Schüler und Eltern wollen gute Bildung und Ausbildung - Schmied soll nicht in alte ideologische Muster verfallen

"Wir waren die erste politische Kraft, die sich für eine flächendeckende Ausweitung der Neuen Mittelschule und die gleichzeitige Erhaltung der Gymnasien stark gemacht hat. Wir haben uns im Interesse der Schülerinnen und Schüler durchgesetzt. Wenn die Unterrichtsministerin nun in Broschüren wörtlich behauptet, die Neue Mittelschule sei eine 'gemeinsame Schule der 10- bis 14-jährigen', dann streut sie damit den Eltern Sand in die Augen. Denn diese Behauptung ist schlicht und einfach falsch. Wir wissen zwar, dass es stets das politische Kalkül von Schmied war, die Neue Mittelschule nur als 'Mittel zum Zweck' der Abschaffung der Gymnasien zu verwenden. Wir wissen aber auch, dass dieses Kalkül nicht aufgegangen ist. Die Gymnasien bleiben erhalten. Die Hauptschulen werden zu Neuen Mittelschulen aufgewertet. Das sollte auch Schmied endlich einsehen", erklärt der Generalsekretär des Arbeitnehmerinnen- und Arbeitnehmerbundes ÖAAB in der ÖVP, LAbg. Mag. Lukas Mandl, zu jüngsten Informationen über eine Broschüre der Unterrichtsministerin, die in einem ÖBB-Zug aufliegt.

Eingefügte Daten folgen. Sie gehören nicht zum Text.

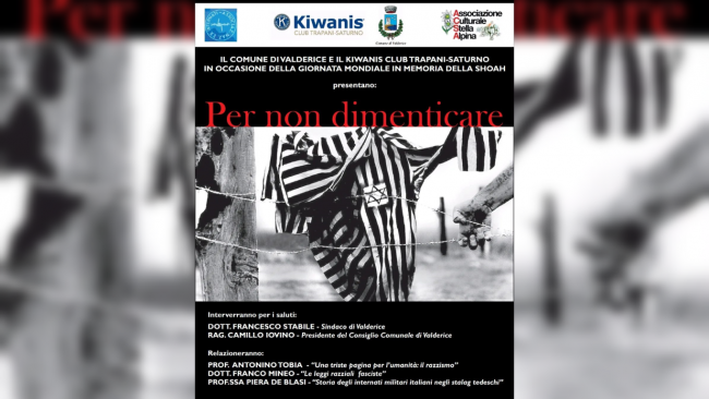 Non dimenticare la tragedia della Shoah. E' l'obiettivo del Comune di Valderice che, in collaborazione con il Kiwanis Club Trapani - Saturno, ha organizzato un momento di riflessione giovedì 24 gennaio alle 17.30 al Molino Excelsior.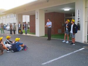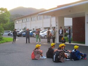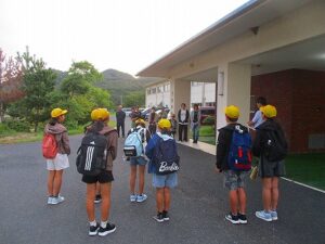 出発式をし、送ってきていただいた保護者の方々と「行ってきます」「いってらっしゃい」と元気に挨拶を交わし、バスに乗り込んでいきました。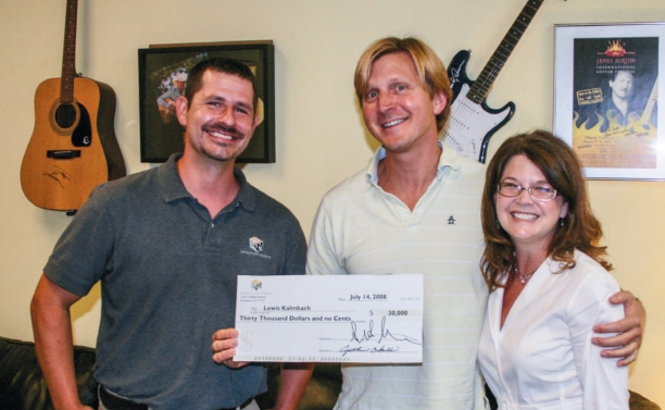 Andy Meadows, the late Lewis Kalmbach (agency founder) and Cindy Smith celebrate the agency’s acquisition by Meadows and Smith in 2002.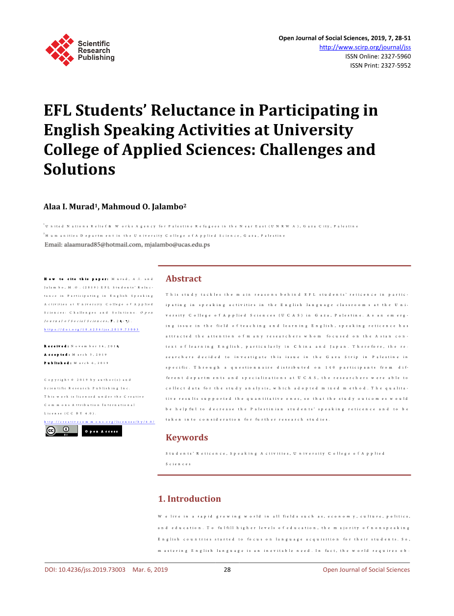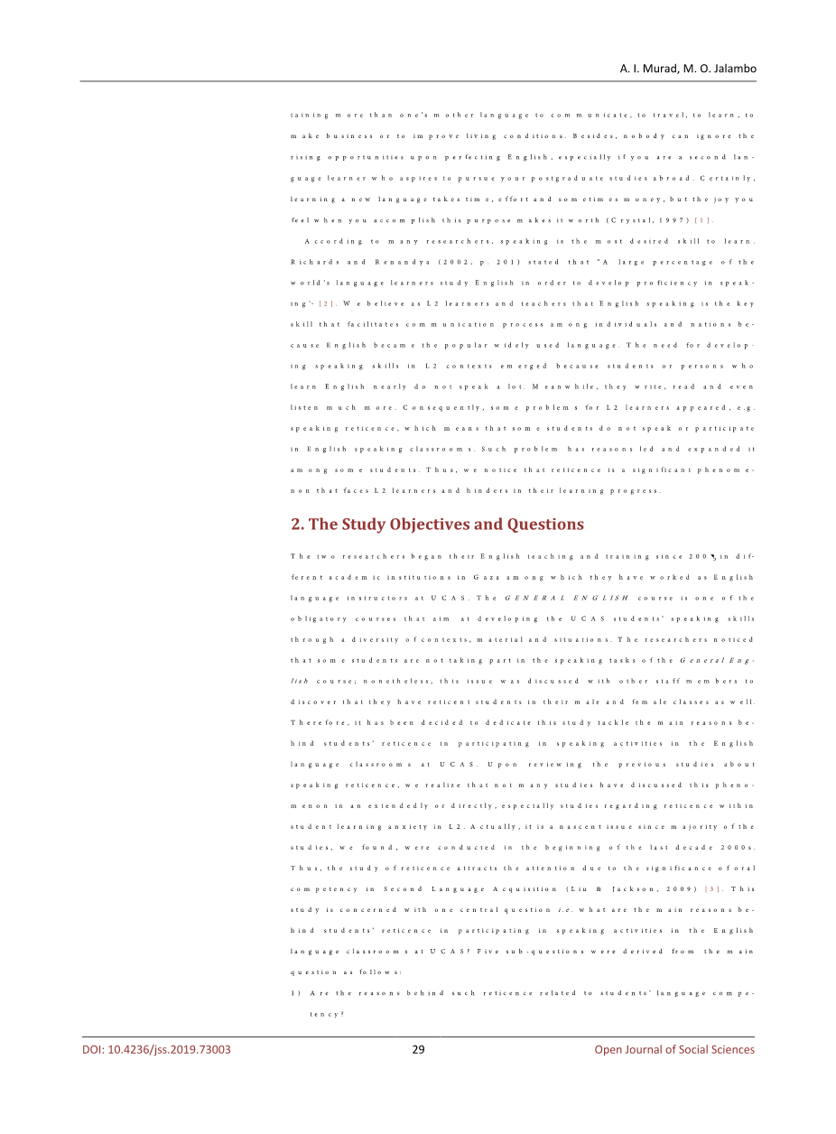 这两位研究人员从2005年开始在加沙的不同教育机构进行英语教学和培训。其中,他们还曾在UCAS担任英语教师。通识英语课程是UCAS的必修课程之一,旨在通过多种语境、材料和情境来培养学生的口语能力。研究人员注意到,一些学生没有参与普通英语课程的口语任务;尽管如此,他们还是就这个问题与其他工作人员进行了讨论,结果发现他们的男性和女性班级都有沉默寡言的学生。因此,本研究决定致力于解决学生在UCAS英语课堂中不愿参与口语活动的主要原因。回顾以往关于言语缄默的研究,我们发现很少有研究直接或间接地探讨这一现象,尤其是关于第二语言学习焦虑中的缄默现象的研究。事实上,这是一个新生的问题,因为我们发现,大多数的研究都是在本世纪初进行的。因此,对沉默的研究由于口语能力在第二语言习得的重要性而受到关注 (Liu amp; Jackson, 2009)。本研究关注的一个中心问题,即在UCAS的英语课堂中,学生不愿参与口语活动而沉默的主要原因是什么?主要问题又衍生出以下五个子问题: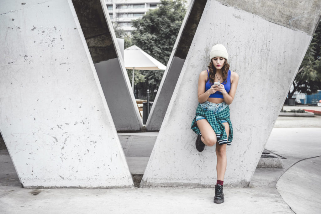 Cool urban young woman using her smart phone in the city wearing hip hop outfit.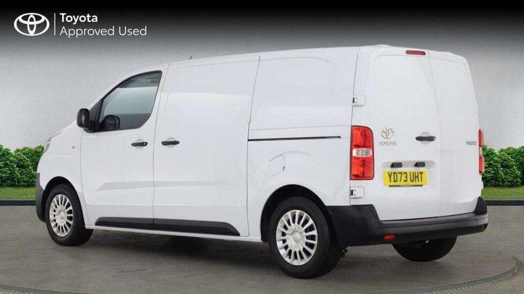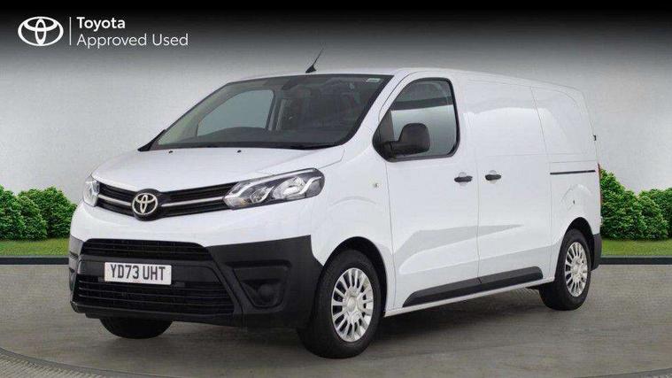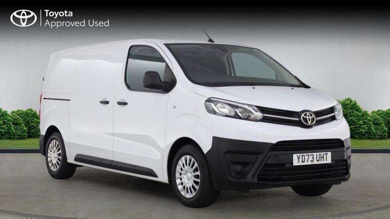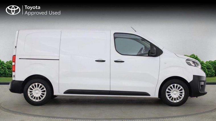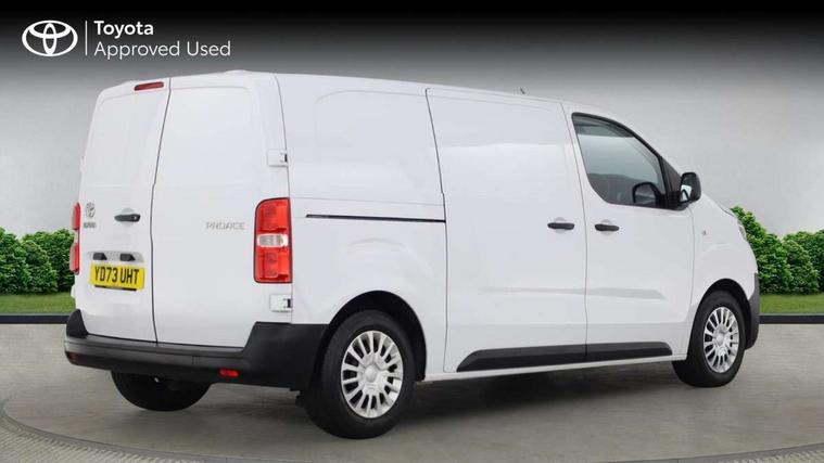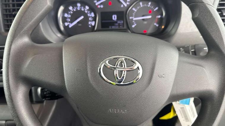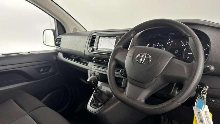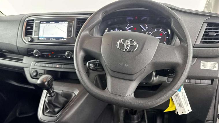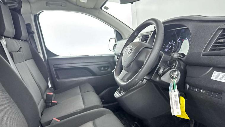 Bluetooth handsfree connectivity, Cruise control, PAS, Tyre pressure warning system (TPWS), 4 speakers, Digital radio (DAB), Radio/CD player, USB connector, 180 degree opening rear doors, Acoustic windscreen, Auto Headlights, Auto wipers, Black bumpers, Black door handles, Black protection moulding on side door, Body Coloured roof, Daytime running lights, Front power windows, Headlight cut-off reminder, Heated door mirrors, LED High mounted stop light, Manually adjustable day/night rear view mirror, Multi reflector halogen headlights, Panel rear wing doors, Power adjustable door mirrors, Rear combination lights, Short Antenna, Smoke tinted (30%) privacy glass on rear passenger window, Two manual sliding side doors, 2 seat front passenger bench, Driver seat armrest, Fabric seats, Front cup holders, Front room lights, Glovebox light, LED Driver and front passenger personal lights, Lighted and chilled upper glove box, Manually reclining and sliding driver and front passenger seats, Open upper dashboard storage compartment, Panel bulkhead with window and protective grille, Storage under passenger bench, Air conditioning and Smart cargo pack - Proace, Parking pack - Proace, Double front passenger airbag, Front passenger airbag on/off switch, Supplement restraint system (SRS) 2 airbags, Alarm, Deadlocks + 2 remote keys, Power door locks, 12V power front outlet, 12v socket in dashboard and rear, Adjustable speed limiter (ASL), Anti lock braking system (ABS), Brake Assist (BA), Stop/start function, Toyota traction select, Vehicle stability control (VSC) and hill start assist control (HAC), Full size spare wheel, Full wheel covers,

"Als Vater eines schulpflichtigen Kindes kann ich nachvollziehen, dass viele Mütter und Väter zornig sind, weil sie das Gefühl haben, dass die Unterrichtsministerin nur ihre Ideologie durchsetzen will, statt das bestmögliche Schulsystem für die Kinder anzustreben. Vielfach gegen anfänglichen Widerstand seitens der Unterrichtsministerin haben es die ÖVP und speziell der ÖAAB in den vergangenen Jahren geschafft, die dringenden und wichtigen schulpolitischen Reformen umzusetzen. Die flächendeckende Ausweitung der Neuen Mittelschule ist hier an allererster Stelle zu nennen. Dass jetzt diese Broschüre aufliegt, ist ein Alarmsignal. Denn wenn solche Falschinformationen verbreitet werden, dann zeigt das, dass Schmied nicht davor gefeit ist, in alte ideologische Muster zu verfallen. Das wäre nicht gut für die Schulen in Österreich. Schülerinnen und Schüler sowie deren Eltern wollen nicht mehr und nicht weniger als gute Bildung und Ausbildung. Darauf sollte alle Energie gerichtet werden. Dazu fordere ich auch die Unterrichtsministerin auf", so der ÖAAB-Generalsekretär.